> **Problem to solve**: Can you transcribe every entry word for word, skipping the images?

Excerpts from a dataset
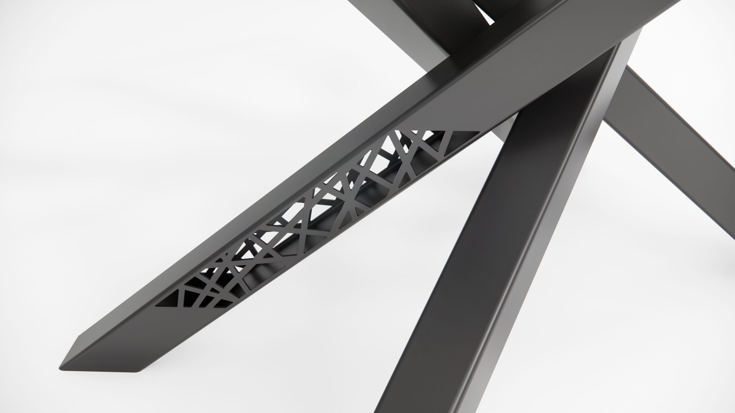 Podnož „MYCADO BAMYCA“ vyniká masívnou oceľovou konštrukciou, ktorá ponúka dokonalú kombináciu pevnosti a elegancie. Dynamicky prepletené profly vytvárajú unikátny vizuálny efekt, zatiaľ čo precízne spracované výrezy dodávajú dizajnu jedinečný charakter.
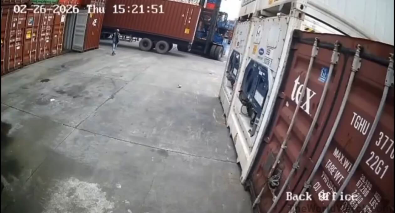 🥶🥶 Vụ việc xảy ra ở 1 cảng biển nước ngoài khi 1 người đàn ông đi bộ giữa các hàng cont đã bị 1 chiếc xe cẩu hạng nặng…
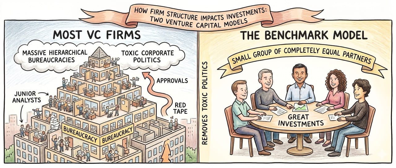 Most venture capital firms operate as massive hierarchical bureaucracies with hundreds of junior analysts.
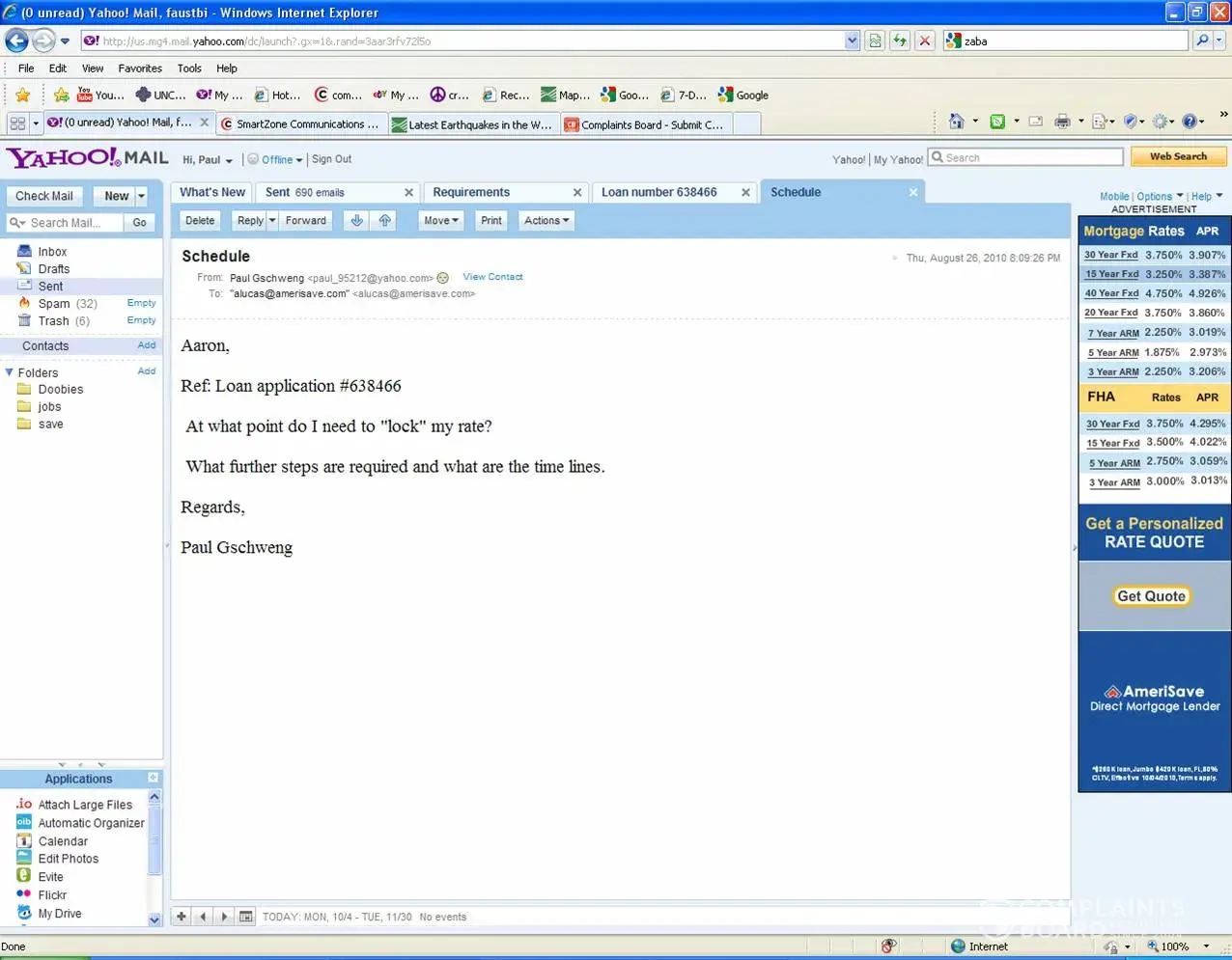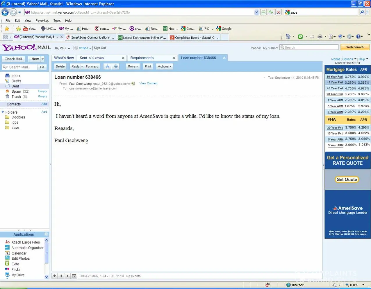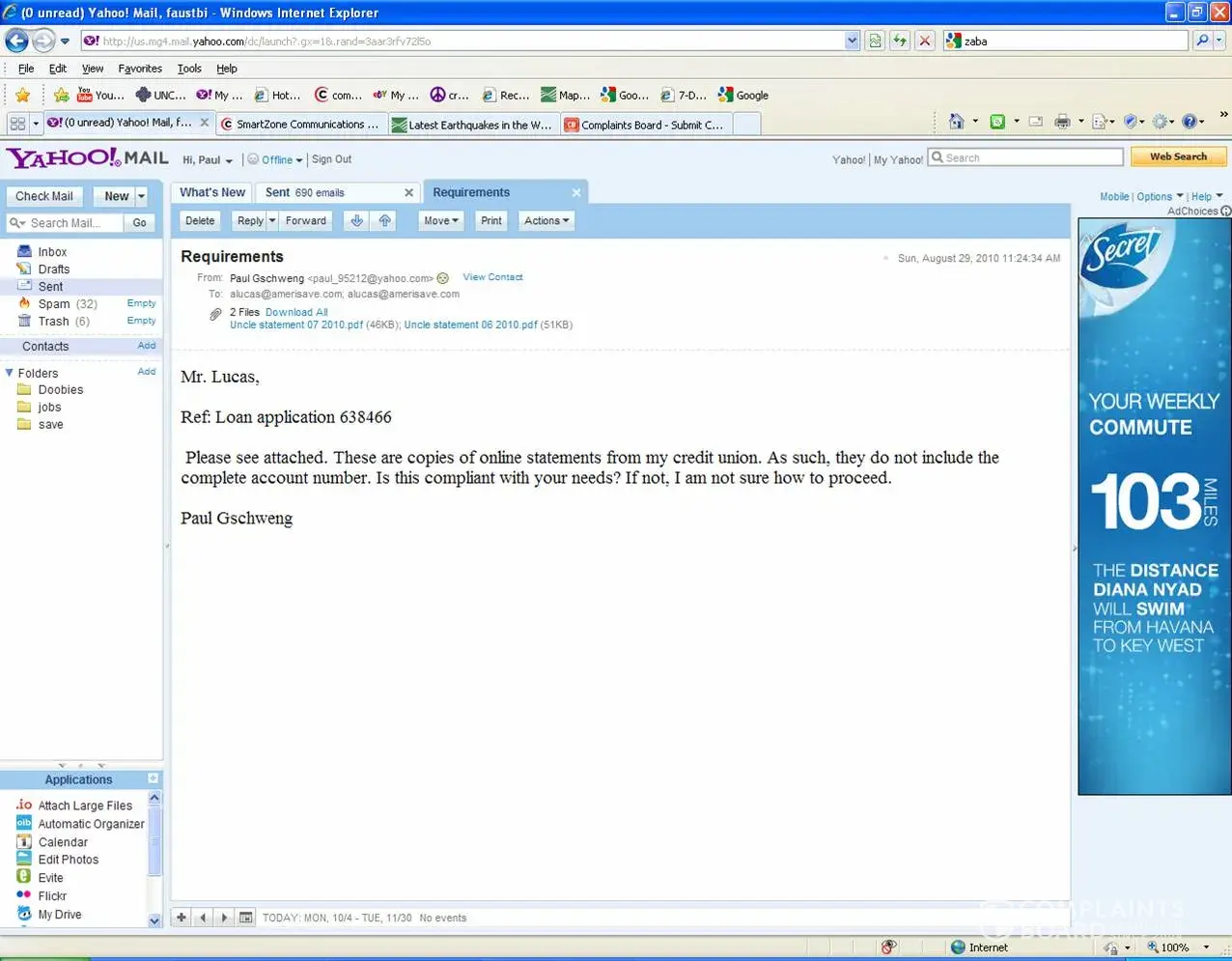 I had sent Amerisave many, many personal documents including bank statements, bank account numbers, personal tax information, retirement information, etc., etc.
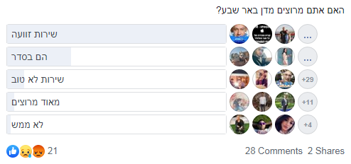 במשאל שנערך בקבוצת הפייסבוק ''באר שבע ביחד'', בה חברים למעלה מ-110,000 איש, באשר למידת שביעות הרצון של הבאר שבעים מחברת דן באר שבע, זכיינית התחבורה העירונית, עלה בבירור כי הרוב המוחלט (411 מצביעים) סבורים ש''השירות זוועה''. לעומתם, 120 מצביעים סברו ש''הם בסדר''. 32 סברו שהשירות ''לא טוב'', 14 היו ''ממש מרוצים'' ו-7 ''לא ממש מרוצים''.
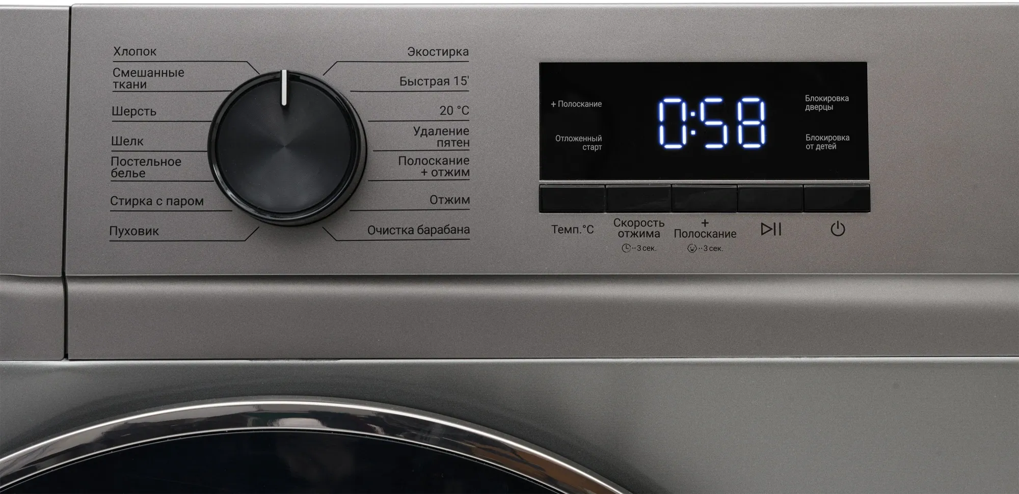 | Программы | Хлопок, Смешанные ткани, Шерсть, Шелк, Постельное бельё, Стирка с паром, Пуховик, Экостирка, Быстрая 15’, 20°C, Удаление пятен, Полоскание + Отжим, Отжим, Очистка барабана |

> **Output of the exercise**:
 Podnož „MYCADO BAMYCA“ vyniká masívnou oceľovou konštrukciou, ktorá ponúka dokonalú kombináciu pevnosti a elegancie. Dynamicky prepletené profly vytvárajú unikátny vizuálny efekt, zatiaľ čo precízne spracované výrezy dodávajú dizajnu jedinečný charakter.
 🥶🥶 Vụ việc xảy ra ở 1 cảng biển nước ngoài khi 1 người đàn ông đi bộ giữa các hàng cont đã bị 1 chiếc xe cẩu hạng nặng…
 Most venture capital firms operate as massive hierarchical bureaucracies with hundreds of junior analysts.
 I had sent Amerisave many, many personal documents including bank statements, bank account numbers, personal tax information, retirement information, etc., etc.
 במשאל שנערך בקבוצת הפייסבוק ''באר שבע ביחד'', בה חברים למעלה מ-110,000 איש, באשר למידת שביעות הרצון של הבאר שבעים מחברת דן באר שבע, זכיינית התחבורה העירונית, עלה בבירור כי הרוב המוחלט (411 מצביעים) סבורים ש''השירות זוועה''. לעומתם, 120 מצביעים סברו ש''הם בסדר''. 32 סברו שהשירות ''לא טוב'', 14 היו ''ממש מרוצים'' ו-7 ''לא ממש מרוצים''.
 | Программы | Хлопок, Смешанные ткани, Шерсть, Шелк, Постельное бельё, Стирка с паром, Пуховик, Экостирка, Быстрая 15’, 20°C, Удаление пятен, Полоскание + Отжим, Отжим, Очистка барабана |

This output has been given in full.